Within a month and a half of taking the top job, Martínez announced a US$4 billion investment across four main areas: agriculture, infrastructure, sustainability, and community. A common theme in those investments is digital technology, which Martínez sees as critical to helping the company serve customers more conveniently, efficiently, and profitably.

Strategy+business talked with Martínez about PepsiCo Foods Mexico’s growth prospects, its shift to healthier snacks and beverages, its portfolio of sustainability measures, and how technology improves performance and helps companies tell stories in new ways.

S+B: What are PepsiCo Foods Mexico’s growth prospects?

We see very positive prospects for growth over the next two years. One reason is demographic change. A large number of young people are beginning their working lives, and an ever-greater number of women are obtaining jobs that are better paid. The other reason is the strategic position occupied by Mexico, next to the U.S., the most important market in the world.

S+B: What are the biggest challenges the company faces?

One is keeping pace with the changing needs of the consumer, since that demands agility and speed. There are also important changes in the commercial structure in Mexico, evolving from small grocery stores to supermarkets, due to the ever-increasing number of digital platforms. We understand that urban customers are going to have greater access to digital tools. Nevertheless, we’re also aware that we need to adapt to every type of customer and to the needs of different types of retailers.

S+B: The Mexican government has recently taken steps to address obesity, implementing measures like a tax on sugar and mandating easy-to-understand food labels — something that is already in place in Chile. How has your company responded to those changes?

We’re convinced about the benefits of having transparent, clear, truthful, and useful labeling, supporting consumers with the right information to make their own decisions about what to eat.

S+B: In May 2019, you announced an investment of $4 billion in four aspects of the business: agriculture, infrastructure, sustainability, and community. How will you use those funds?

One billion [dollars] is earmarked for the purchase of raw materials, 90 percent of which will originate from Mexican fields. Another part will go to improve agricultural technology. In fact, in October [2019], we reopened the Sabritas Center for Agricultural Development, which is where we will grow 280,000 tons of potatoes to be used in our products.

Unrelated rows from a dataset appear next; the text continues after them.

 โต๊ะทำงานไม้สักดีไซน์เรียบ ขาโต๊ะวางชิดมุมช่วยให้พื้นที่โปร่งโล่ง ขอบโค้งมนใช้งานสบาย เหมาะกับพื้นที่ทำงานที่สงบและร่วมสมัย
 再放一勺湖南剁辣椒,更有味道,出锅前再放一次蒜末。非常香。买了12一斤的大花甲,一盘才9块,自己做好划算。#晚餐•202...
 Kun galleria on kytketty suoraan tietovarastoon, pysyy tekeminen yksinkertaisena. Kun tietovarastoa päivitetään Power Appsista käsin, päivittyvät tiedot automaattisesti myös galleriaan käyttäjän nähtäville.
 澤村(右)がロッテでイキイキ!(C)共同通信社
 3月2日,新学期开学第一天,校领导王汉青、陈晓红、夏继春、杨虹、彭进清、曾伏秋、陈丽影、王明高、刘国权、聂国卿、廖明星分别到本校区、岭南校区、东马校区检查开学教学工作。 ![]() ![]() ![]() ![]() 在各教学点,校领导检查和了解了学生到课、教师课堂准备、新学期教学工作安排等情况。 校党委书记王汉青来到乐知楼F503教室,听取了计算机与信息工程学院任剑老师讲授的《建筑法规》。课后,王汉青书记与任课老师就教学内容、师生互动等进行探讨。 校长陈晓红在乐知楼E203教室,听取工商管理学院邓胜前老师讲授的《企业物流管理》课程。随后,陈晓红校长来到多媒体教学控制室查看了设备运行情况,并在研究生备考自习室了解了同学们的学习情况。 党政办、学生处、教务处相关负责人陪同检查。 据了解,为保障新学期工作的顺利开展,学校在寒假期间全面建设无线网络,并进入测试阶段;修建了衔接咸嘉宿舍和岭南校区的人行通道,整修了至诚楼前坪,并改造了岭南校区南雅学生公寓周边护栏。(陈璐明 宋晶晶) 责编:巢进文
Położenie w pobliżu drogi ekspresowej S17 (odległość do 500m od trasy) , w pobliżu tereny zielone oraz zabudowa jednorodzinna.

Part of the funds will be used to build a factory in Guanajuato. It has been 20 years since we built a factory from scratch in Mexico. This will allow us to increase the total capacity of our system by 12 percent, and we’ll use less energy, since the plant will operate with solar panels. Sustainability is another big objective — we’re investing to reduce our carbon footprint by 30 percent. In fact, we have the second-largest PepsiCo fleet of electric and hybrid vehicles worldwide. Finally, we’ll invest $10 million through the PepsiCo Foundation to help more than 35,000 people living in the most vulnerable communities in Mexico.

Technologies change, but human beings love stories. It doesn’t matter if they’re in 140 characters or a 30-second commercial. We have to communicate with the consumer through those stories.”

S+B: Can you talk more about the company’s sustainability initiatives, particularly in light of climate change?

From 2006 to now, we have reduced our water consumption in Mexico by 50 percent, and we’re continuing that progress by investing in some very modern technologies. One is aeroponics, in which plants basically grow in the air, rather than in the earth. This allows us to consume a mere 10 percent of the amount of water used by traditional agriculture.

We also know that avoiding waste is important, and we have a goal of generating zero waste to landfills. All 15 of our plants are virtually there — 99 percent of the by-products in those plants are either recycled or reused. Similarly, 75 percent of the energy we use in Mexico is from wind. And a plant we’re constructing next year is going to be 100 percent solar powered.

S+B: Technology seems to be a constant theme in your strategy. Can you talk about some specific applications in areas like automation?

It started in the most obvious areas: the plants, where one can use robots to automate processes. But then we started to use automation in less obvious areas, for example, in parts of the controller area, to process invoices and do the monthly closing. We also have a very large sales force, and today we’re automating and digitizing interactions with our customers. That type of automation makes the lives of our people easier so they can be more productive. For all of these technologies, I believe that change is a constant.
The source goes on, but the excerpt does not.